Great we established I did and that usually means a lot with hands on experience......  Sorry to be point......The above build is the ONLY NEW build that will get him in budget. I am $20 over......


----------



## jboydgolfer (Dec 27, 2012)

OP, whichever way you Go, If you DO go with cList or eBay. Please take your time, and DO NOT buy before your ready. Check the Monitor, or whatever out, and don't be shy to tell the seller your NOT interested. Some good deals CAN e had, although on the other hand MANY terrible ones are waiting as well. If you lived near Me, I'd gladly donate an old Dell CRT, which is in Decent shape. Are you near Massachusetts?

BTW,,,,Deja vu  anyone?lol


----------



## Crap Daddy (Dec 27, 2012)

drdeathx said:


> Rosewill FBM-02 Dual Fans MicroATX Mini Tower Computer Case
> 
> Western Digital WD Blue WD2500AAKX 250GB 7200 RPM SATA 6.0Gb/s 3.5" Internal Hard Drive -Bare Drive
> 
> ...



Fair enough. Even if I don't see the links, if I throw in your monitor and the HDD the i3 build will go to around $660 for 30% more performance.

You propose a dual core Trinity for gaming?


----------



## drdeathx (Dec 27, 2012)

drdeathx said:


> Great we established I did and that usually means a lot with hands on experience......  Sorry to be point......The above build is the ONLY NEW build that will get him in budget. I am $20 over......





Crap Daddy said:


> Fair enough. Even if I don't see the links, if I throw in your monitor and the HDD the i3 build will go to around $660.
> 
> You propose a dual core Trinity for gaming?
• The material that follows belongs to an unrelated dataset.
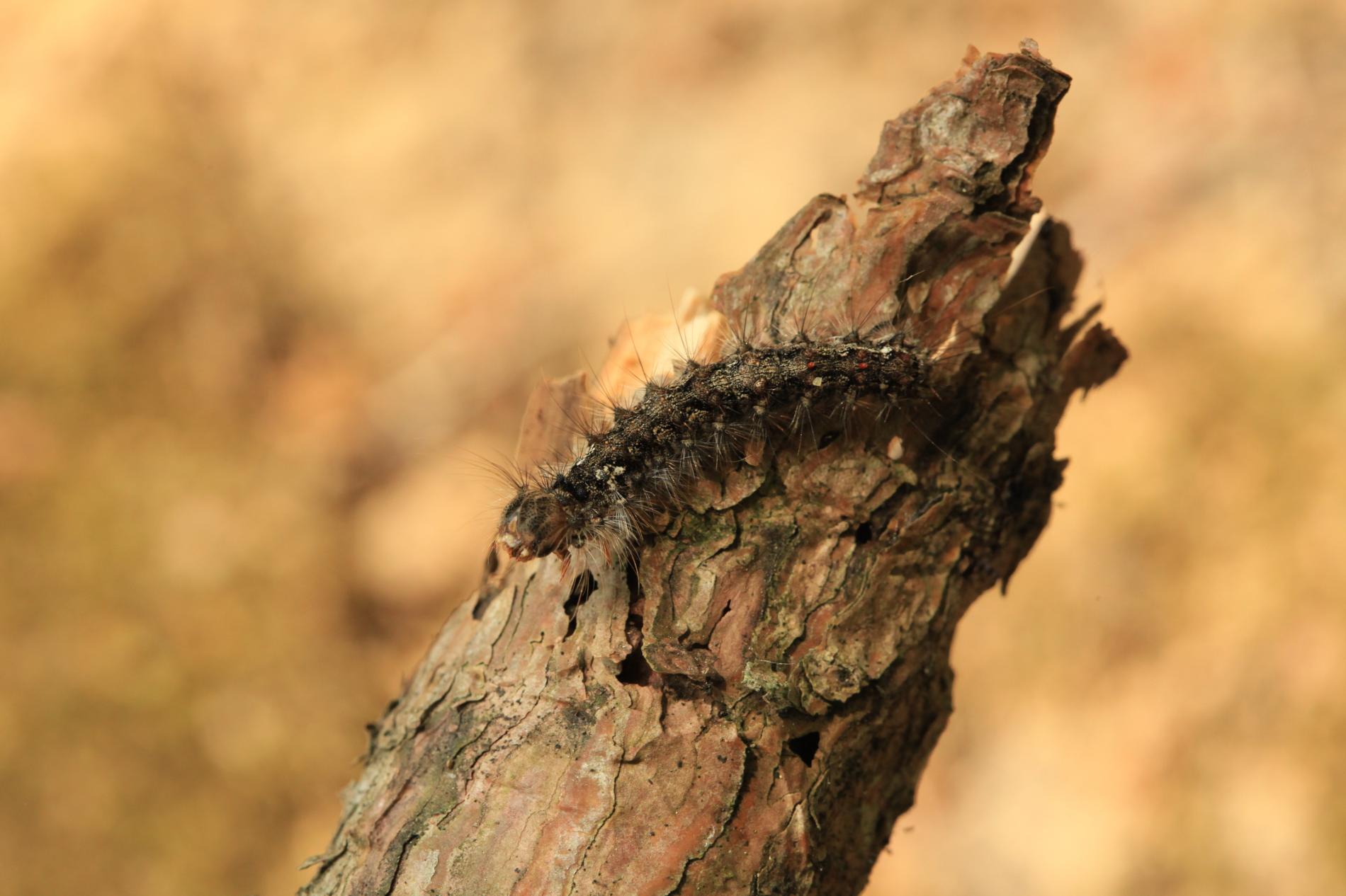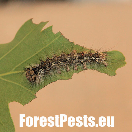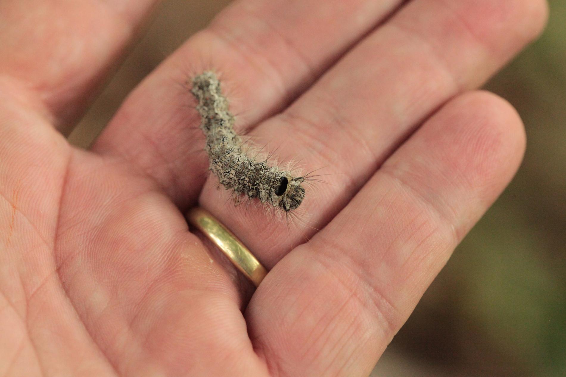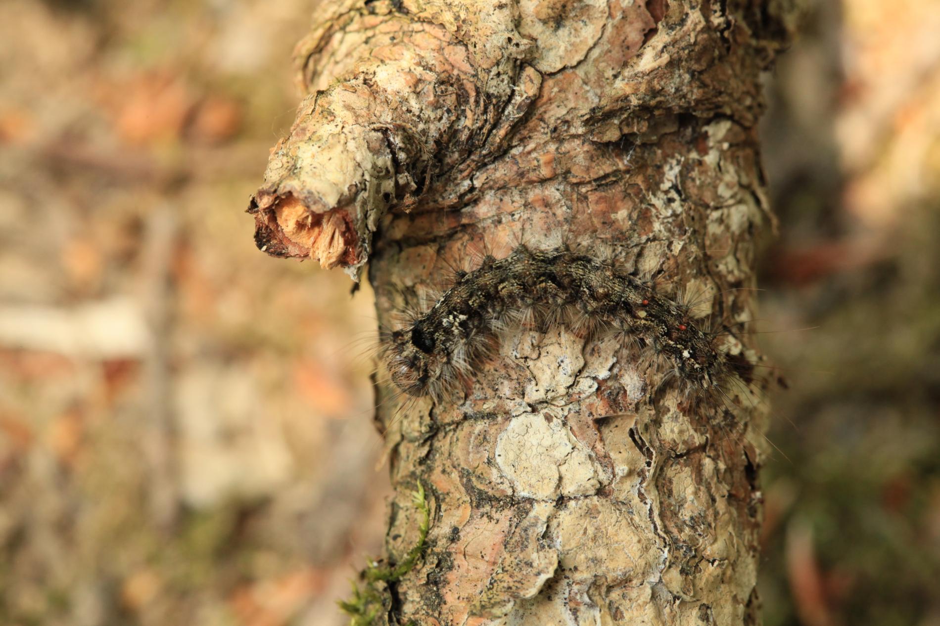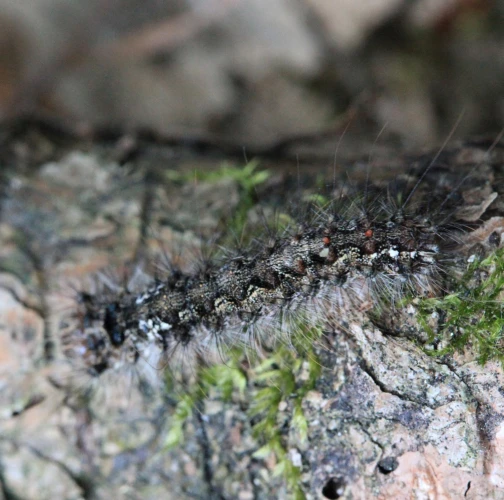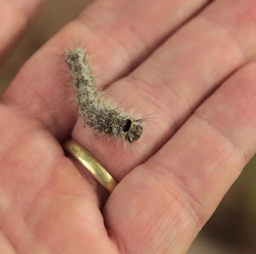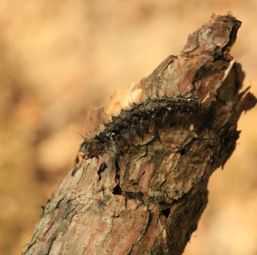 Sivá, chlpatá húsenica. Žer na ihliciach.

Its all New Egg. It is the Budget Crap daddy. All one can pull off new........He could go A10-5800K with a Radeon 6670 crossfired but the 7770 will get him better graphics. Don't think a dual core will affect his gaming....  The other option is look for a 955 or 965 cheap and a cheap 970 motherboard.... If he lives by a Micro center, they have x 3 Athlons for $29 to $39.......


----------



## Btimmy (Dec 27, 2012)

jboydgolfer said:


> OP, whichever way you Go, If you DO go with cList or eBay. Please take your time, and DO NOT buy before your ready. Check the Monitor, or whatever out, and don't be shy to tell the seller your NOT interested. Some good deals CAN e had, although on the other hand MANY terrible ones are waiting as well. If you lived near Me, I'd gladly donate an old Dell CRT, which is in Decent shape. Are you near Massachusetts?
> 
> BTW,,,,Deja vu  anyone?lol



Wisconsin, so not really. As for building a balanced machine, I already have a laptop for the boring school work and whatnot, so I'm really only interested in being able to run good graphics and high frame rate, without overheating or sounding like a jet turbine. Thanks everyone for your feedback!


----------



## drdeathx (Dec 27, 2012)

You won't be able too at that budget my friend...... run good graphics at high frame rates....


----------



## sneekypeet (Dec 27, 2012)

If you are in the US, why not just shop the For Sale section here? While it may not all be brand new, but you can find some great deals on slightly used hardware. You could even set up a Want To Buy thread and see what the fellas offer


----------



## RCoon (Dec 27, 2012)

He's right you know. Trinity is best bang for buck if he wants a brand new system. His only other option is second hand, either way he wont get max graphics.


----------



## Deleted member 74752 (Dec 28, 2012)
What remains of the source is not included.